Edited By: pocketfish Jun 30th, 2011 at 09:16 PM
http://www.menshealth.com/nutrition/...t-workout-plan
If your looking for non-free weights, I think push-ups are underrated. 2or3 days a week do as many reps as you can. I was surprised at how fast I was able to go from reps of 10 to 50. My goal used to be 10 reps throughout the day. It also keeps your metabolism up. -
Originally Posted by Hank H1LL
getting his heart rate up isn't going to help him "tone muscle," it's just going to burn energy. anaerobic exercise can be done as slow as you want, op. generally smaller, heavier sets build muscle and bigger, lighter sets will tone. make sure you're doing both and beyond that you can do just about anything.
It will burn fat and therefore make you more lean and tone, adding muscular definition (ie hypertrophy) is going to give you the tone that you are looking for. You need to build muscle and burn the fat around the muscle to get tone...
Hank --> Please explain your thoughts on doing anaerobic exercise as slow as you want... that doesn't make sense, anaerobic is quick explosive movements? Are you strictly referring to weight lifting when you say this?
From my experience, there is no real reason to lift extremely heavy weights (sets of 4-5 reps) unless you are competitively competing in athletics.
For looks and health, 8-15 rep ranges are best. -
swimming but lifting weights is the WTG...

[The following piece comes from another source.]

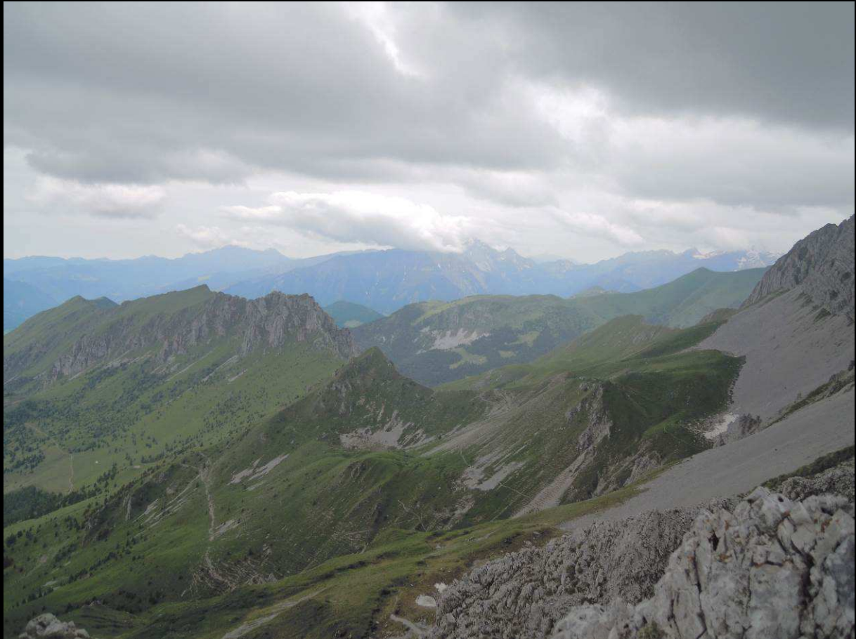
Veduta dal passo di Pozzera

the 2 you chose are cardio...
do both. -
well, OP is already burning fat with calorie restriction. in his question he asked how to tone muscle, which in itself is really vague/ambiguous, so I wanted to spell out that muscle development can and (to a large extent) should be addressed separate from aerobic exercise, which should be used for fat loss.
I'm speaking as somebody who powerlifted for 10 years so I probably see this differently. 'aerobic' to me is strictly about getting the heart rate up to burn energy, like a substitute for restricting calories, while 'anaerobic' is any stationary muscle training. I just wiki'd it and my definition is wrong so that's my fault.
imo the best thing to do, if you haven't been exercising and only dieting for a few months, would be to continue eating clean but up the calories, jog/bike/swim to train your cardio, and lift with a huge variety of weights/reps/exercises/rest periods. more specifically begin with and work outward from your core. so squats, deadlifts, cleans, abs, and hamstrings with every variation you can think of. all your strength and balance begins from the core so this is the most important in the beginning. don't neglect your upper body work but I'm sure one of the 80 billion meatheads at your gym can help you with that. -
yes, im speaking as a registered clinical exercise physiologist, and i was just confused as what you were trying to say.
Originally Posted by Hank H1LL
I'm speaking as somebody who powerlifted for 10 years so I probably see this differently. 'aerobic' to me is strictly about getting the heart rate up to burn energy, like a substitute for restricting calories, while 'anaerobic' is any stationary muscle training. I just wiki'd it and my definition is wrong so that's my fault.
Anaerobic exercise utilizes the phosphogen system and anaerobic glycolisis which is depleted in less than 2 minutes.
and yes again, toning muscle is vague, you dont necessarily tone it, but make it bigger and burn the surrounding fat to achieve a toned look.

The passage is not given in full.